2015-03-26 Thread J David
On Mon, Mar 16, 2015 at 7:52 PM, J David j.david.li...@gmail.com wrote:
 On Mon, Mar 16, 2015 at 7:24 PM, Konstantin Belousov
 kostik...@gmail.com wrote:
 There are a lot of possibilities to create persistent anonymous shared
 memory objects.  Not complete list is tmpfs mounts, swap-backed md disks,
 sysv shared memory, possibly posix shared memory (I do not remember which
 implementation is used in stable/9).

 If that's the explanation, how could it be
 detected/measured/investigated/resolved/prevented?

 Under ordinary circumstances, machines will go run like this for days/weeks:

 Mem: 549M Active, 3623M Inact, 567M Wired, 3484K Cache, 827M Buf, 3156M Free
 Swap: 1024M Total, 1024M Free

 Then, when this happens, it rapidly degrades from that to so bad that
 processes start getting killed for being out of swap space.

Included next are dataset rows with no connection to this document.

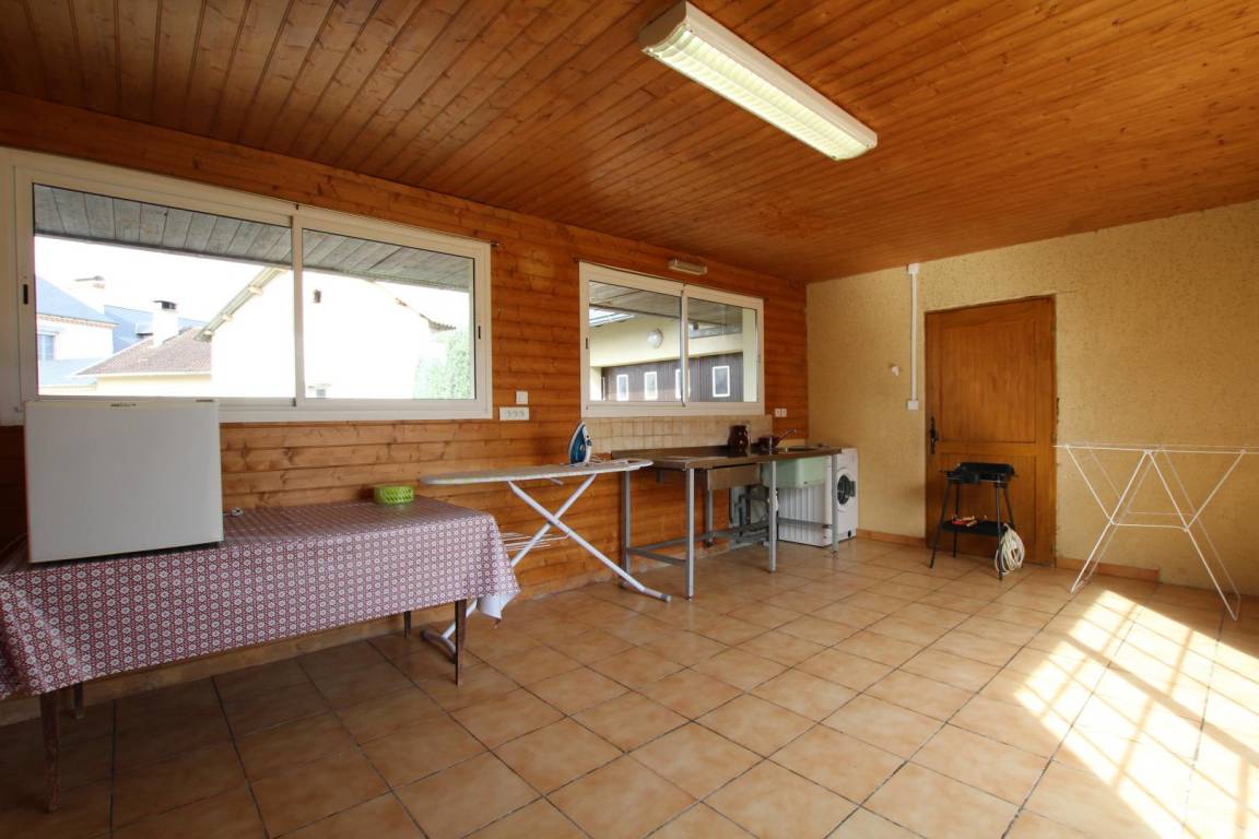 Durch Jalousien geschützte Terrasse, Gartenmöbel, Grill. Eingezäuntes Grundstück. Spielzimmer (Tischtennis, Tischfußball).
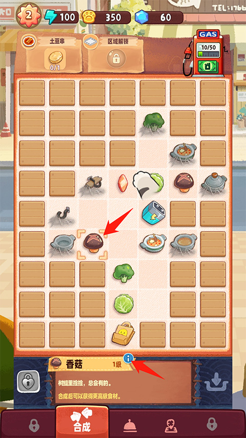 在合成界面选定任一食材或厨具,例如点击【香菇】旁的蓝色图标,即可进入该物品专属页面。
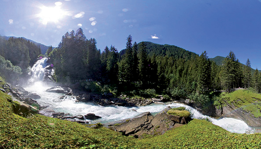 Nevelký romantický Krimml leží na území Salcburska v regionu Pinzgau nedaleko hranice s Tyrolskem. Krimmler Achental sousedí přes průsmyk Gerlospass (1.531 m.n.m.) se známým Zillertalem, jenž je doslova továrnou na letní i zimní sporty (rád používá označení „nejaktivnější údolí světa“, takže je logické, že škálu aktivit zde můžete očekávat skutečně přepestrou). Jeho boční, vysoko položené, Tuxské údolí je zakončeno známým skiareálem s největším rakouským ledovcem Hintertux předkládajícím celoročně úctyhodných 86 km sjezdovek v nadmořských výškách až do 3.250 metrů. Ovšem i v Pinzgau lze po část letní sezóny vyzkoušet totéž na neméně známém ledovci Kitzsteinhorn nad Kaprunem, i v největších letních vedrech se tak můžete z Krimmlu vyjet zchladit a dopřát si úžasné lyžařské zážitky.
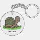 Drôle, bizarre, tortue de dessin animé, porte - clé personnalisé. Cette mignonne tortue a une expression comique de folie sur son visage, une coquille verte et un corps brun. Les mots "James" en lettres noires sont sous la tortue, c'est un modèle pour ajouter votre propre nom à personnaliser.
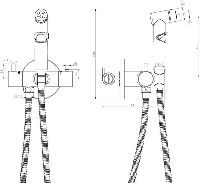 - Аксессуары в комплекте (шланг 1,2 м, лейка гигиенического душа с нажимным механизмом)
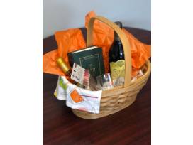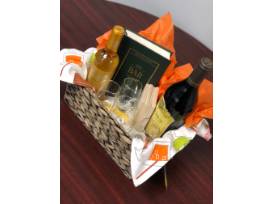 Wine, wine, wine! What's not to like? This basket includes a 2018 Caymus Cabaret, a 2017 Lions Sauternes Dessert wine, four tasting glasses, and a William Sonoma Bar Book.
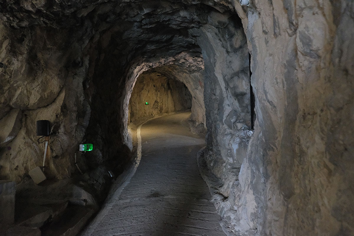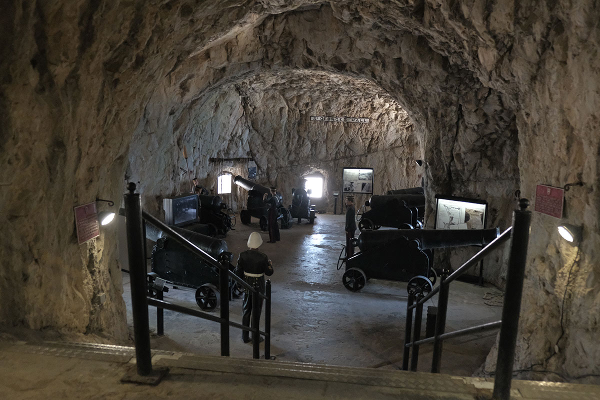 After this and with the oppressive heat Graham and Linda had had enough so they proceeded to walk the rest of the way down to the bottom. Ginny and I walked back up the rock on a gently inclining track to the northern side. Here we were able to explore the man made tunnels in the rock. The Rock of Gibraltar is like Gruyere cheese, it is literally full of tunnels. these tunnels lead to gun emplacements which render Gibraltar almost impregnable to attack. These tunnels were originally started in the eighteenth century but were further extended in the second world war.

These FreeBSD machines running out of swap space and dying continues
to be a daily problem causing outages and unscheduled reboots.  Is
there really no way to even research what might be causing the
problem?

(Widening the cross-posting in the hopes of eliciting more help, so
the brief summary of the problem orginally posted to freebsd-stable is
that an unknown actor consumes all the user-space memory in the
system, including swap space, to the point where processes are killed
for being out of swap space, but if every process on the machine is
stopped, very little of the user-space memory in use is freed.
Original message with more details is here:
https://lists.freebsd.org/pipermail/freebsd-stable/2015-March/081986.html
.)

There are no tmpfs mounts or md disks, so it would have to be one of
the other causes.  How can FreeBSD's use of persistent, anonymous
shared memory objects be investigated, measured, or controlled so we
can get a handle on this issue?

Thanks!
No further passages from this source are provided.